In the answer, each line from the top of the material through the line that contains "(Twoleaf Miterwort) The" is restated exactly. No picture is given again.

■ ■ ■

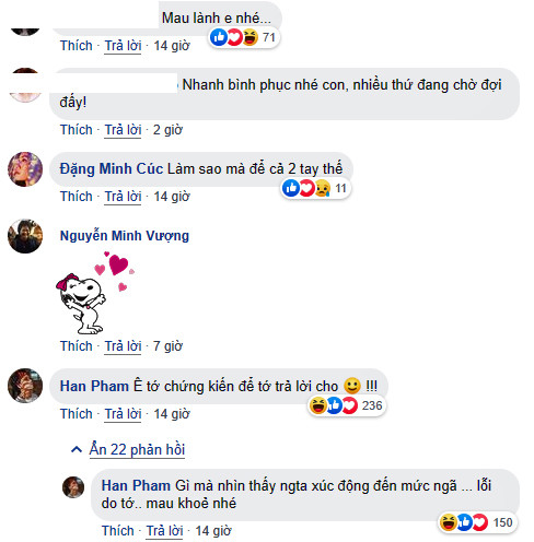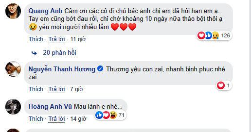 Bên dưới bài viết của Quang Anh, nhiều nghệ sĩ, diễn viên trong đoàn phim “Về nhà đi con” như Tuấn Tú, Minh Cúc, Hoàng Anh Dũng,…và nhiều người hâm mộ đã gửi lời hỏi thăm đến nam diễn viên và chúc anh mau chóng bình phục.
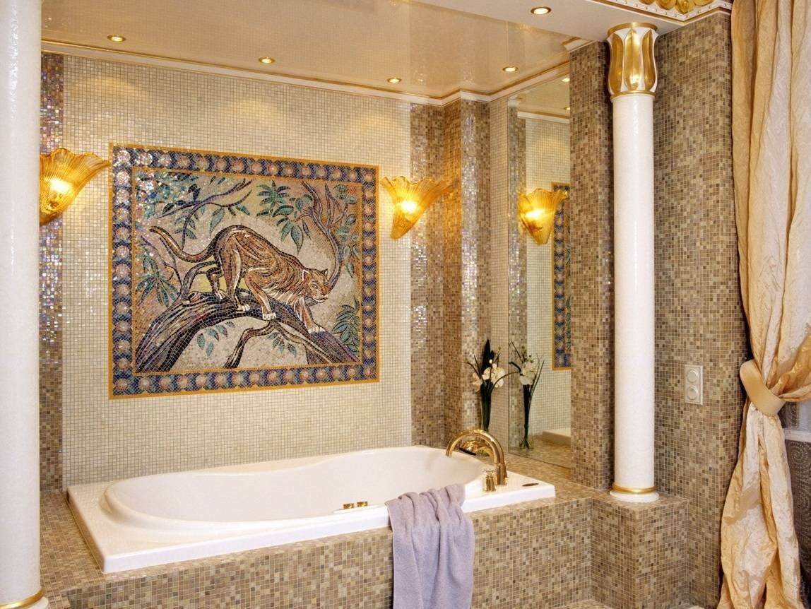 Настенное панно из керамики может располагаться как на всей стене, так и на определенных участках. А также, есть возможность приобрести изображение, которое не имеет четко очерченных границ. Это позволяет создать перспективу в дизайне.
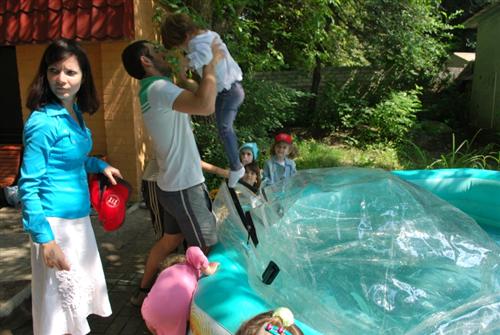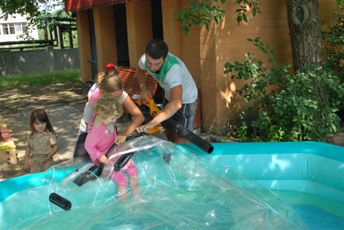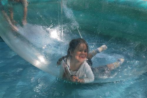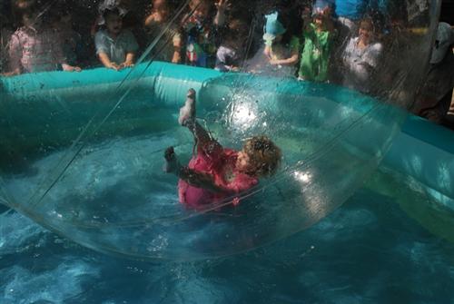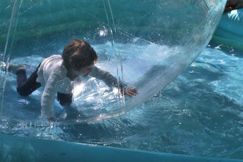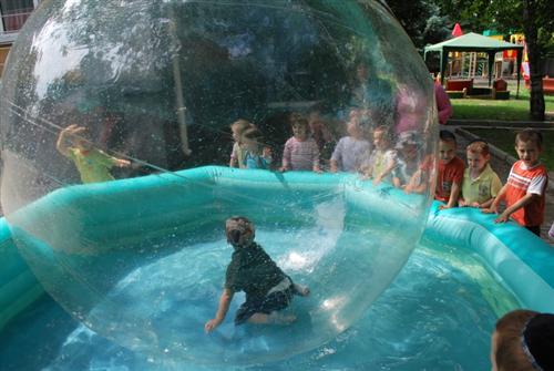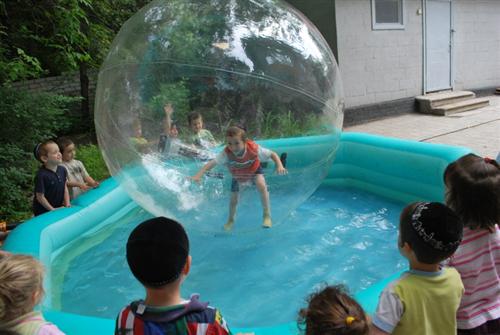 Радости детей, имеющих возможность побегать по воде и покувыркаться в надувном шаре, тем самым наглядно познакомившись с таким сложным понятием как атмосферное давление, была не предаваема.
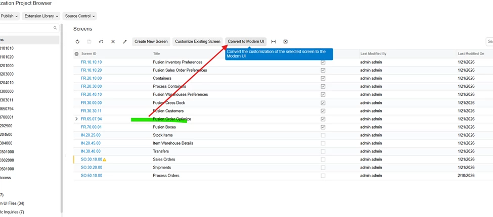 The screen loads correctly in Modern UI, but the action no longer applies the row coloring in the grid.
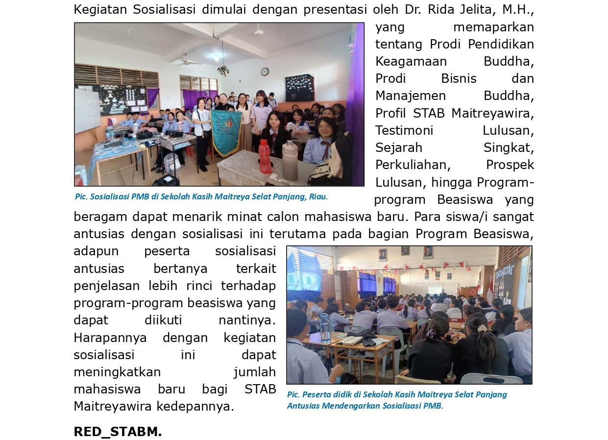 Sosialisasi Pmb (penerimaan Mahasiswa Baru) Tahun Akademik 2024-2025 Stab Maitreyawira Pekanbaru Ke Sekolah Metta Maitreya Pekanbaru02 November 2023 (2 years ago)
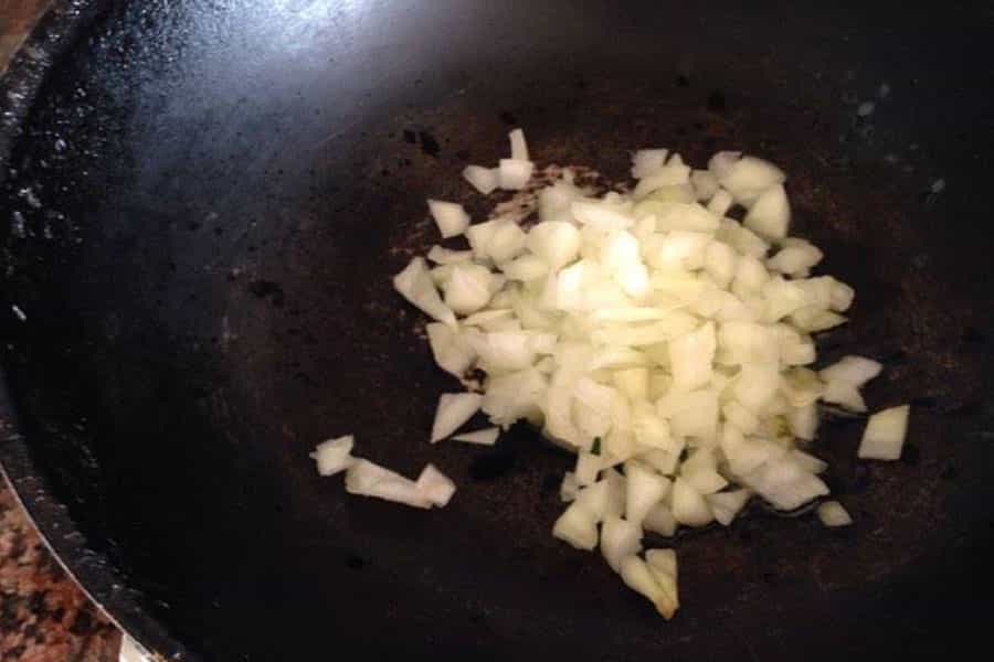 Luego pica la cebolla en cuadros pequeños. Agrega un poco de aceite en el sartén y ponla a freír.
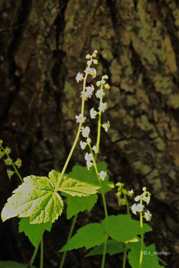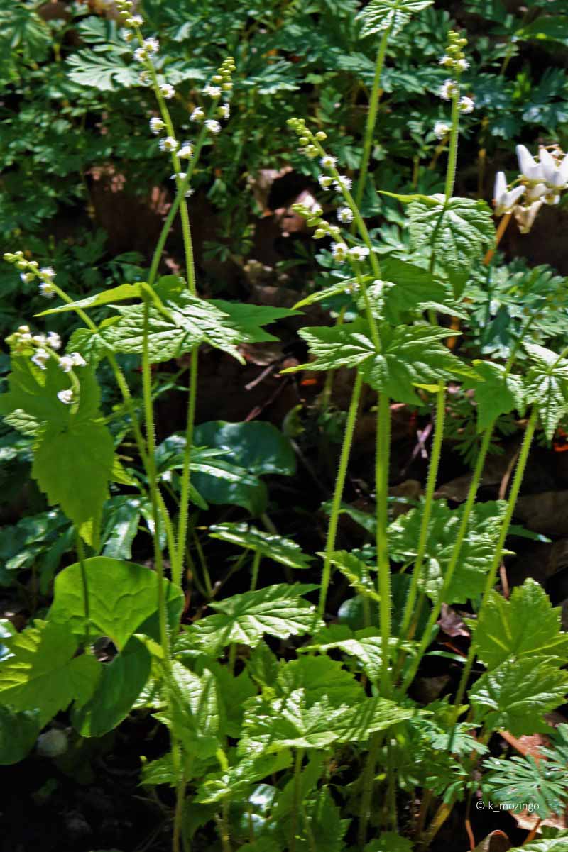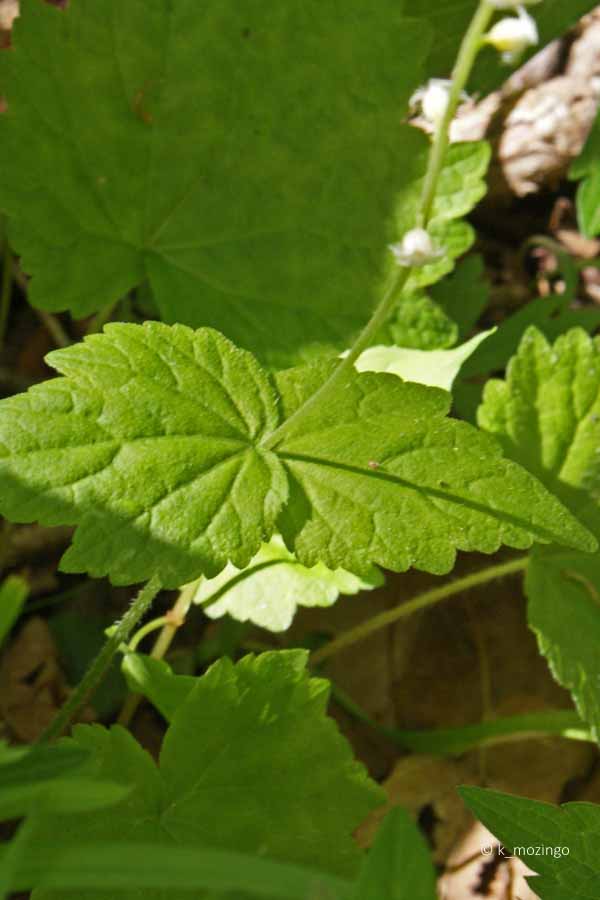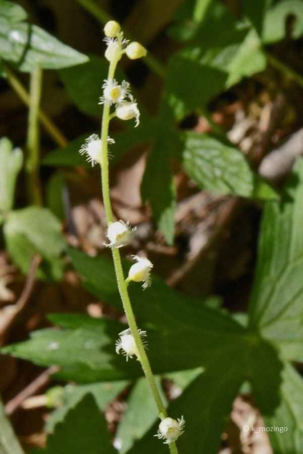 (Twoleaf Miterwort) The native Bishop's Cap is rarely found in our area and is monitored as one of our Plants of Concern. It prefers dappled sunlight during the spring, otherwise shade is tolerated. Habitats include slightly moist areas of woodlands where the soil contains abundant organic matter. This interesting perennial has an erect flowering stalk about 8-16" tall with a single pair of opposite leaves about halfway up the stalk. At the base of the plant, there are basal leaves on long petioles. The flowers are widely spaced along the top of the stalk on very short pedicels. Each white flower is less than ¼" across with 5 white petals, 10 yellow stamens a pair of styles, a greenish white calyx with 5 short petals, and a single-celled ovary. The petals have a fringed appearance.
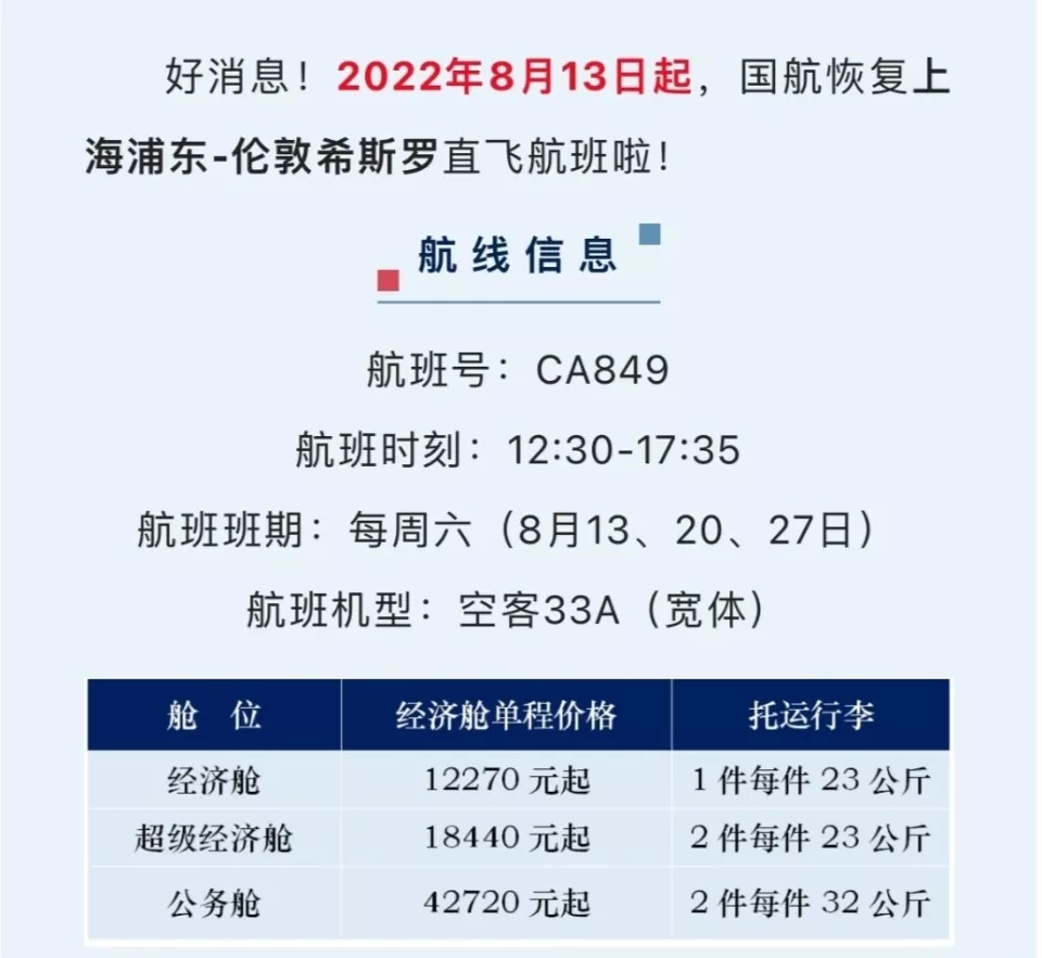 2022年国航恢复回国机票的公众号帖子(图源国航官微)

■ ■ ■

**EXPECTED ANSWER**
 Bên dưới bài viết của Quang Anh, nhiều nghệ sĩ, diễn viên trong đoàn phim “Về nhà đi con” như Tuấn Tú, Minh Cúc, Hoàng Anh Dũng,…và nhiều người hâm mộ đã gửi lời hỏi thăm đến nam diễn viên và chúc anh mau chóng bình phục.
 Настенное панно из керамики может располагаться как на всей стене, так и на определенных участках. А также, есть возможность приобрести изображение, которое не имеет четко очерченных границ. Это позволяет создать перспективу в дизайне.
 Радости детей, имеющих возможность побегать по воде и покувыркаться в надувном шаре, тем самым наглядно познакомившись с таким сложным понятием как атмосферное давление, была не предаваема.
 The screen loads correctly in Modern UI, but the action no longer applies the row coloring in the grid.
 Sosialisasi Pmb (penerimaan Mahasiswa Baru) Tahun Akademik 2024-2025 Stab Maitreyawira Pekanbaru Ke Sekolah Metta Maitreya Pekanbaru02 November 2023 (2 years ago)
 Luego pica la cebolla en cuadros pequeños. Agrega un poco de aceite en el sartén y ponla a freír.
 (Twoleaf Miterwort) The native Bishop's Cap is rarely found in our area and is monitored as one of our Plants of Concern. It prefers dappled sunlight during the spring, otherwise shade is tolerated. Habitats include slightly moist areas of woodlands where the soil contains abundant organic matter. This interesting perennial has an erect flowering stalk about 8-16" tall with a single pair of opposite leaves about halfway up the stalk. At the base of the plant, there are basal leaves on long petioles. The flowers are widely spaced along the top of the stalk on very short pedicels. Each white flower is less than ¼" across with 5 white petals, 10 yellow stamens a pair of styles, a greenish white calyx with 5 short petals, and a single-celled ovary. The petals have a fringed appearance.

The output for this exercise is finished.